DESCRIPTION OF THE TASK: Repeat the material below. Keep every line exactly as written.

PROVIDED MATERIAL:
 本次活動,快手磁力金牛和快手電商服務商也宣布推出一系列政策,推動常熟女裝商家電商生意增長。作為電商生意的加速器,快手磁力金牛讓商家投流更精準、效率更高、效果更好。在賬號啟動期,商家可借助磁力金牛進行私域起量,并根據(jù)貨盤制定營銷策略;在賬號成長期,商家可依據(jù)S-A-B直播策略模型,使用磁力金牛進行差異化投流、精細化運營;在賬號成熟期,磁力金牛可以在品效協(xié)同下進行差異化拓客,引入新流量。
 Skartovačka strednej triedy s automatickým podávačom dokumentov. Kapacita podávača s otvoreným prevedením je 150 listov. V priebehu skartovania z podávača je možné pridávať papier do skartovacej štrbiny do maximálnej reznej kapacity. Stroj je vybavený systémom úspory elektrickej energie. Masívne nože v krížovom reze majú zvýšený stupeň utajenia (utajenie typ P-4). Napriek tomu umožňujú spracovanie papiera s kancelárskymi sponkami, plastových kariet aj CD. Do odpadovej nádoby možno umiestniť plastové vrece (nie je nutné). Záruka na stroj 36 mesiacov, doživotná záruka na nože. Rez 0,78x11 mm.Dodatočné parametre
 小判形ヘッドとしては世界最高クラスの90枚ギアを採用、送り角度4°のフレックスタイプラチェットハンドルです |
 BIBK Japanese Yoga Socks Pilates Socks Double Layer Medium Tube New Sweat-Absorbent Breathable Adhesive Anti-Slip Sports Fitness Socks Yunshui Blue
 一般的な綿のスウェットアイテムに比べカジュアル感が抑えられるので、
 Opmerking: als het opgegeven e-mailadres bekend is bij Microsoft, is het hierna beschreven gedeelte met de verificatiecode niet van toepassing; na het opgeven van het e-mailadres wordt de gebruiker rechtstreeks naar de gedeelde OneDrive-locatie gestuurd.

SOLVED EXERCISE:
 本次活動,快手磁力金牛和快手電商服務商也宣布推出一系列政策,推動常熟女裝商家電商生意增長。作為電商生意的加速器,快手磁力金牛讓商家投流更精準、效率更高、效果更好。在賬號啟動期,商家可借助磁力金牛進行私域起量,并根據(jù)貨盤制定營銷策略;在賬號成長期,商家可依據(jù)S-A-B直播策略模型,使用磁力金牛進行差異化投流、精細化運營;在賬號成熟期,磁力金牛可以在品效協(xié)同下進行差異化拓客,引入新流量。
 Skartovačka strednej triedy s automatickým podávačom dokumentov. Kapacita podávača s otvoreným prevedením je 150 listov. V priebehu skartovania z podávača je možné pridávať papier do skartovacej štrbiny do maximálnej reznej kapacity. Stroj je vybavený systémom úspory elektrickej energie. Masívne nože v krížovom reze majú zvýšený stupeň utajenia (utajenie typ P-4). Napriek tomu umožňujú spracovanie papiera s kancelárskymi sponkami, plastových kariet aj CD. Do odpadovej nádoby možno umiestniť plastové vrece (nie je nutné). Záruka na stroj 36 mesiacov, doživotná záruka na nože. Rez 0,78x11 mm.Dodatočné parametre
 小判形ヘッドとしては世界最高クラスの90枚ギアを採用、送り角度4°のフレックスタイプラチェットハンドルです |
 BIBK Japanese Yoga Socks Pilates Socks Double Layer Medium Tube New Sweat-Absorbent Breathable Adhesive Anti-Slip Sports Fitness Socks Yunshui Blue
 一般的な綿のスウェットアイテムに比べカジュアル感が抑えられるので、
 Opmerking: als het opgegeven e-mailadres bekend is bij Microsoft, is het hierna beschreven gedeelte met de verificatiecode niet van toepassing; na het opgeven van het e-mailadres wordt de gebruiker rechtstreeks naar de gedeelde OneDrive-locatie gestuurd.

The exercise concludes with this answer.